The new installer will put Grasshopper into ProgramFiles(x86)\Grasshopper for Rhino 5\

on the other hand the about tab indicating the version still displays 28th of September as the date and not the 30th of October. Is this normal?

Best,

M.

Yes, it is the exact same version. The only difference is the installer. I would have liked to release a newer version, but there was a problem using the new Rhino5 installer engine and we had to very quickly fix the old installer as that was the path of lowest risk.

--

David Rutten

david@mcneel.com

Vienna, Austria

Hi David,

Thank you for this important update, verry good job.

I would like to know if there will be a version of grasshopper on rhinoceros 5 64 bits ?

Taken advantage of the performances 64BITS on rhinoceros 5 with grasshopper would be very useful.

David, thank for your reply.

Grasshopper will work on 32 and 64 bit Rhino 5. It always has. If you have Rhino 5 x64 and the newest installer did not properly load Grasshopper then it's a bug in the installer and we'd like to know about it.

--

David Rutten

david@mcneel.com

Vienna, Austria

No bug !
I thought that app dedicated to rhino 5 64 bit would be more efficient

Define efficient. 

--

David Rutten

david@mcneel.com

Vienna, Austria

More effected

64 bit applications do not run faster and do not use less memory. In fact they probably use a little bit more memory. The only real difference between a 32 and a 64 bit application is that you can access more memory on 64 bits. So you can load larger files and generate more data.
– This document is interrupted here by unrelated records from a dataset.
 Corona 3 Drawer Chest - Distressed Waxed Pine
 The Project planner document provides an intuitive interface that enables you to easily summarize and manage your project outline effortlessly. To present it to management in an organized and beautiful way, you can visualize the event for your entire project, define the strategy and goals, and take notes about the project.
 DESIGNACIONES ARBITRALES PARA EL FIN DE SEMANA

Every time you store something in memory it has to be stored at a specific location. We call this location an address. The first thing you store can be stored at address 0*. If that thing requires a total of 18 bytes, then addresses 0 through 17 are used up. The next thing you store can then be stored at address 18. And so on and so forth. At some point you run out of addresses and when that happens there is no more room to store any new data and there is thus nothing more that your app can do and that's usually when Windows shoots the application in the head and buries the remains behind the chemical sheds.
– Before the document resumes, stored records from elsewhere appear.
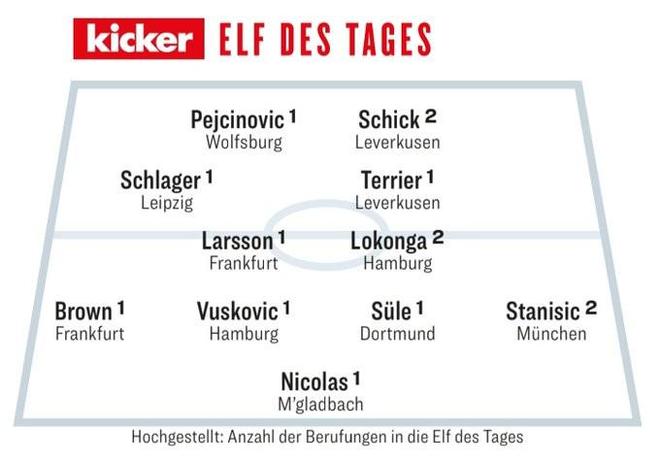 中場:施拉格爾(萊比錫)、胡戈-拉松(法蘭克福)、洛孔加(漢堡)、泰里耶(勒沃庫森)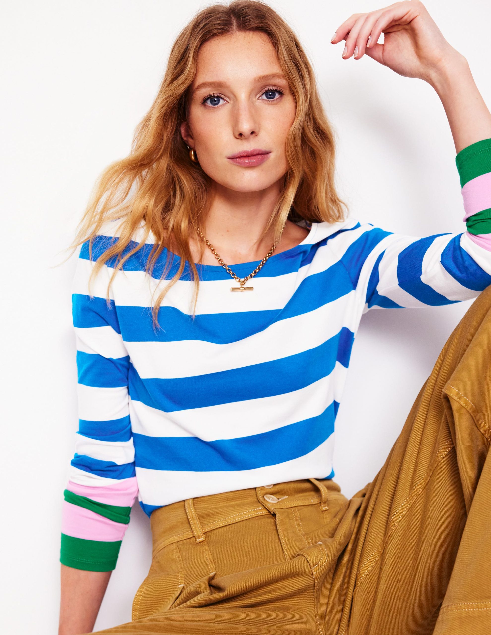 Ella Long Sleeve Breton-Gallery Blue. Emerald Cuff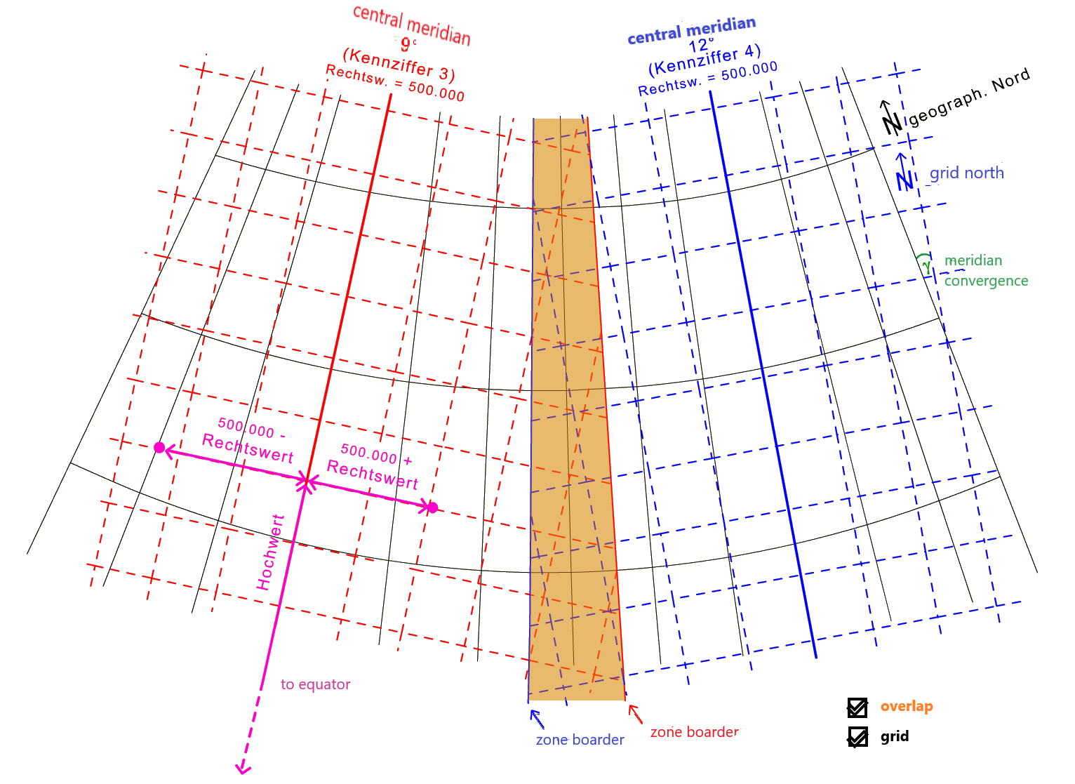 A continuación, dos sistemas principales, Gauss-Krüger y UTM, se describen en su forma general. Luego, se ofrece una breve reseña de las posibles modificaciones de estos sistemas y otros sistemas oficiales de referencia en la región de habla alemana.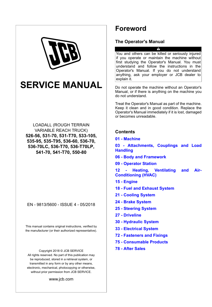 With this original factory Service manual, the technician can detect and solve any problems encountered when repairing your JCB 536-T70LP Telehandler and This workshop repair manual for the JCB 536-T70LP Telehandler provides detailed instructions and technical information for maintenance and repair tasks to keep your equipment in top condition.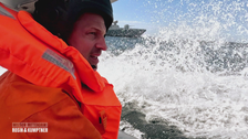 Alex Kumptner denk, sein Kollege Frank Rosin sei über Bord der "Korvette Magdeburg" gegangen. In einem Speedboot startet die Rettungsaktion und Alexander ist ganz vorne mit dabei.

The total number of unique addresses that can be represented by a 32-bit integer is 4,294,967,295 (4 GigaByte). However Windows only allows a 32-bit app to access 2GB, or potentially 3GB if a special switch is set. A 64-bit application is allowed to use 64-bit integers to identify memory addresses, which means the highest possible address is now 18,446,744,073,709,551,616 (or 18.45 ExaBytes). Basically, as long as you have RAM to back you up, a 64-bit application will not run out of memory. Of course it may still become prohibitively slow as a lot of data requires a lot of computation and 64-bitness does absolutely nothing to make things go faster.

 

--

David Rutten

david@mcneel.com

Vienna, Austria

 

* Not true in reality, Windows will already use up some of the available memory just to load the application.

Divid,

Thank you for your verry detailed reply.

I knew the switched 3GB. But it does add "performance".
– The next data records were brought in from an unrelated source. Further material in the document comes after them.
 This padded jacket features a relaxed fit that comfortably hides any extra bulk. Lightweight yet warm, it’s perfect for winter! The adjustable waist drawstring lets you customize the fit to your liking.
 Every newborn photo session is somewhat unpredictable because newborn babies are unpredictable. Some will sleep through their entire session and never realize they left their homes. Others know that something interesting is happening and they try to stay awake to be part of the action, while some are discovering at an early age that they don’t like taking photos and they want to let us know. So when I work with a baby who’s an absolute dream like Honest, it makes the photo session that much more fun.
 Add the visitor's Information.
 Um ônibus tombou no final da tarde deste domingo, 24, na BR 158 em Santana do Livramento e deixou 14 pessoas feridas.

My equipement is exculisely 64Bits with 16Go RAM.

The grasshopper is developed for rhino4 base, I thought that it was not "optimized" for rhino5 performance level.
I think in the multi-process of tape management.
Managing even a calculation process can be more otpimise on rhino5.
e I noticed is most optimized functions of rhino5.
 
May be that with a reflection more turn on multi-core, so multi-process grasshopper could enjoy much more performance.
 
That think you?

 
 

Just one little remark on the 32bit Windows thing. This is/was one thing that got most people confused who ran Rhino4 on Win x64.

What David said about 32bit apps is true for apps running on a 32bit Windows OS. However, 32bit applications running on a 64bit Windows each can get their own 4gigs of RAM (save for hardware reserved and a little bit of win Kernel).

...but this is old news anyway, since noone will be runnning a 32bit Rino5 on a 64bit Windows.